───── Data for the task ─────

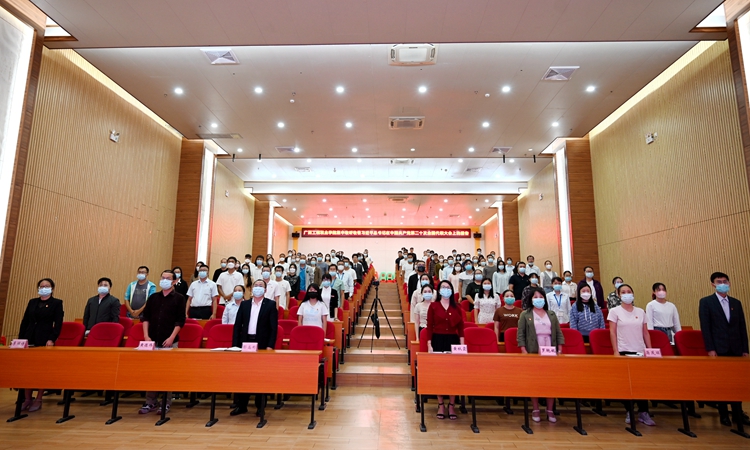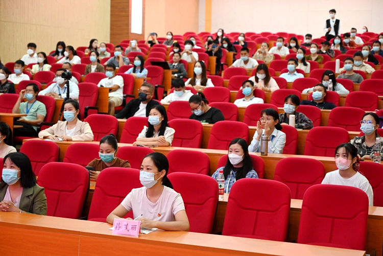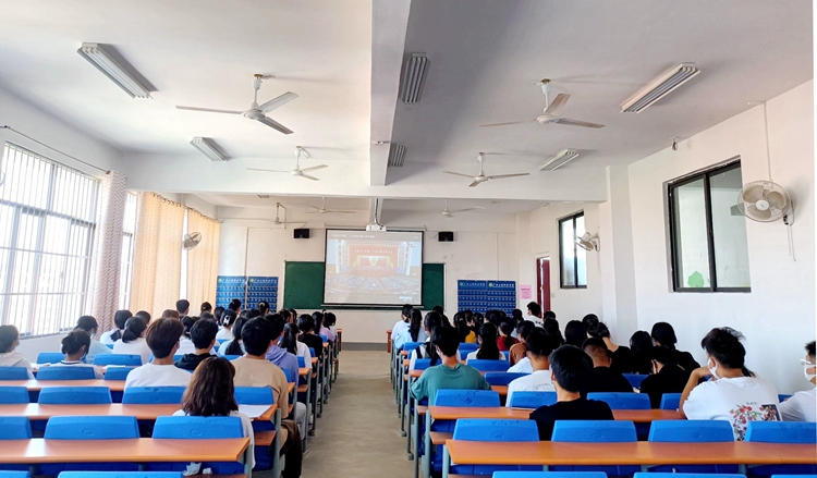 學(xué)校領(lǐng)導(dǎo)及教師代表在圖文信息大樓報(bào)告廳收聽收看黨的二十大開幕會盛況
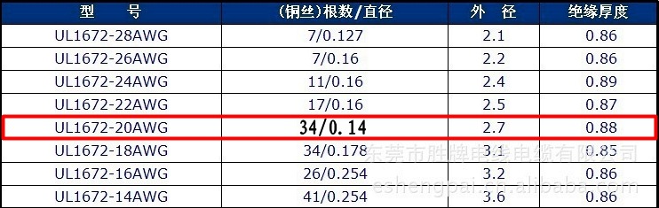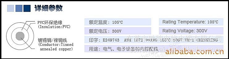 1、导体使用单条或绞线22AWG 11/0.16镀锡铜丝;
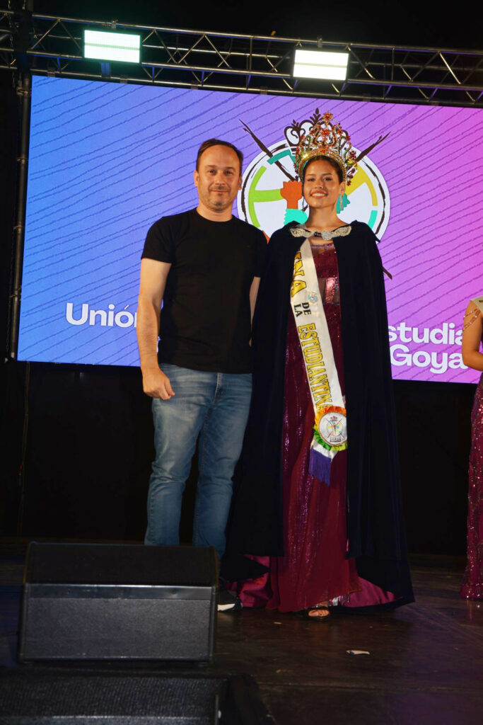 El intendente Mariano Hormaechea, la secretaria de Educación Sonia Espina, el secretario de Desarrollo Humano y Promoción Social Julio Canteros, el director de Juventud Gastón Espinosa y el concejal Sebastián Mazzaro participaron del momento más trascendental de la noche: la coronación de las nuevas majestades de la Estudiantina Goya 2025.
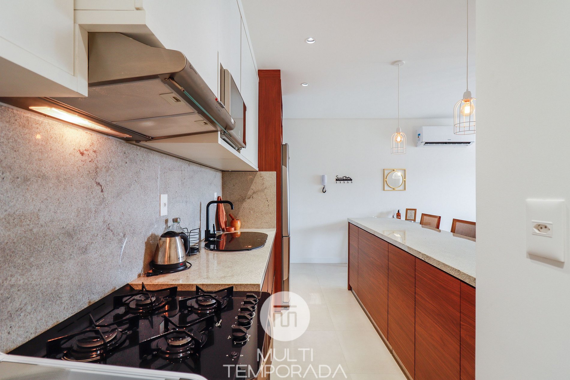 Beautiful apartment, 200 meters from the beach, consisting of two suites, one with a double bed, a single bed and air conditioning, and the other with two single beds and air conditioning, social bathroom, balcony with barbecue and sink, full kitchen, service area with washing machine. It has a parking space, has wi-fi and cable TV.
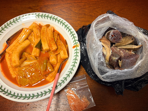 포장해 온 떡볶이와 순대입니다.
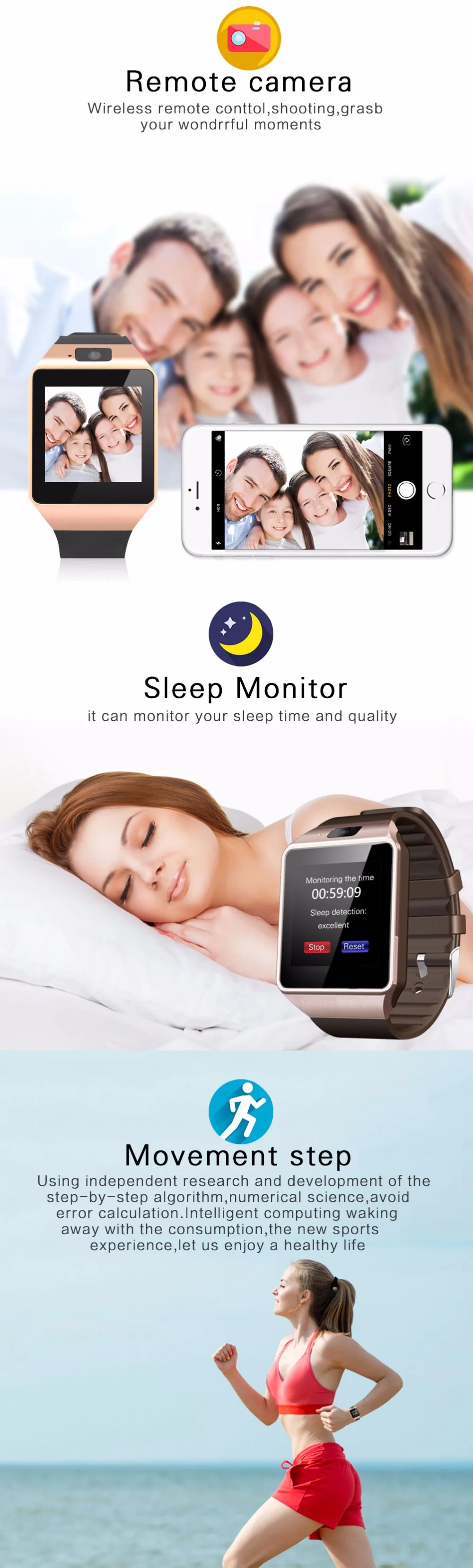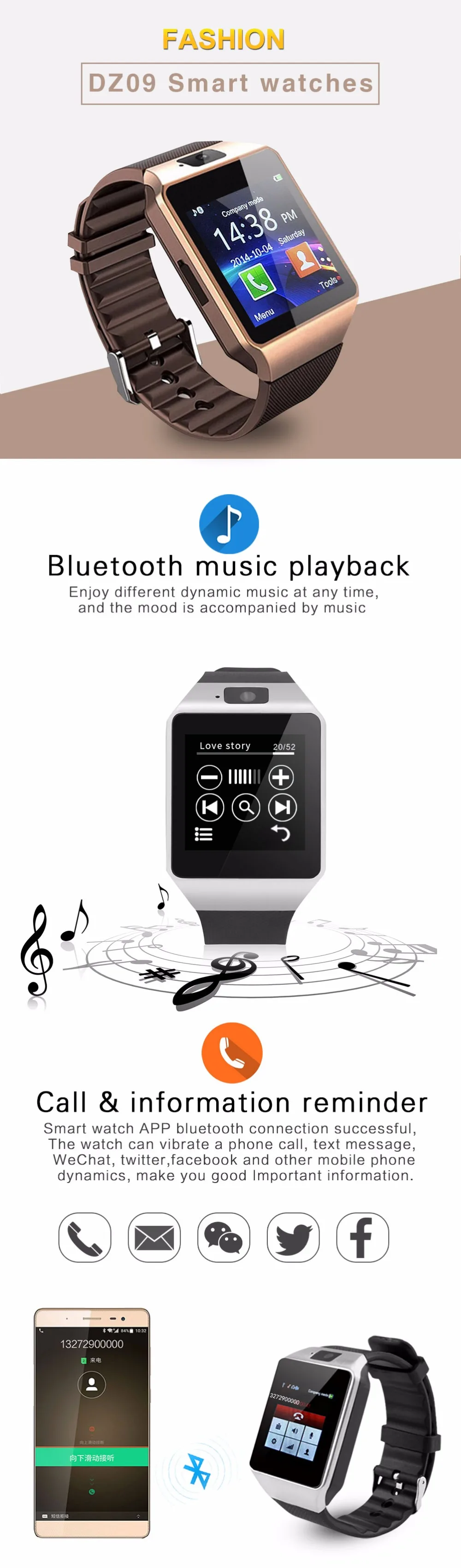 -Поддержка sim-карты (один слот) для прямого вызова и sms -Поддержка вызова/ответа на телефонный звонок (с помощью подключения Bluetooth) -Простая синхронизация между подключенным смартфоном и smartwatch DZ09 -Управляйте музыкальным проигрывателем с ваших часов -Снимайте фотографии с часов, Управляйте смартфоном -Мониторинг сна-мониторинг качества сна -Шагомер-запись шагов и достижение ваших целей -Напоминание о малоподвижности -WhatsApp и wechat уведомления через Bluetooth Сопряжение (не поддерживает iOS iPhone) -Анти-потеря/телефон finder

─────

__Task details__: All of the data above should be quoted exactly, except for the pictures.

__Output for this task__:
 學(xué)校領(lǐng)導(dǎo)及教師代表在圖文信息大樓報(bào)告廳收聽收看黨的二十大開幕會盛況
 1、导体使用单条或绞线22AWG 11/0.16镀锡铜丝;
 El intendente Mariano Hormaechea, la secretaria de Educación Sonia Espina, el secretario de Desarrollo Humano y Promoción Social Julio Canteros, el director de Juventud Gastón Espinosa y el concejal Sebastián Mazzaro participaron del momento más trascendental de la noche: la coronación de las nuevas majestades de la Estudiantina Goya 2025.
 Beautiful apartment, 200 meters from the beach, consisting of two suites, one with a double bed, a single bed and air conditioning, and the other with two single beds and air conditioning, social bathroom, balcony with barbecue and sink, full kitchen, service area with washing machine. It has a parking space, has wi-fi and cable TV.
 포장해 온 떡볶이와 순대입니다.
 -Поддержка sim-карты (один слот) для прямого вызова и sms -Поддержка вызова/ответа на телефонный звонок (с помощью подключения Bluetooth) -Простая синхронизация между подключенным смартфоном и smartwatch DZ09 -Управляйте музыкальным проигрывателем с ваших часов -Снимайте фотографии с часов, Управляйте смартфоном -Мониторинг сна-мониторинг качества сна -Шагомер-запись шагов и достижение ваших целей -Напоминание о малоподвижности -WhatsApp и wechat уведомления через Bluetooth Сопряжение (не поддерживает iOS iPhone) -Анти-потеря/телефон finder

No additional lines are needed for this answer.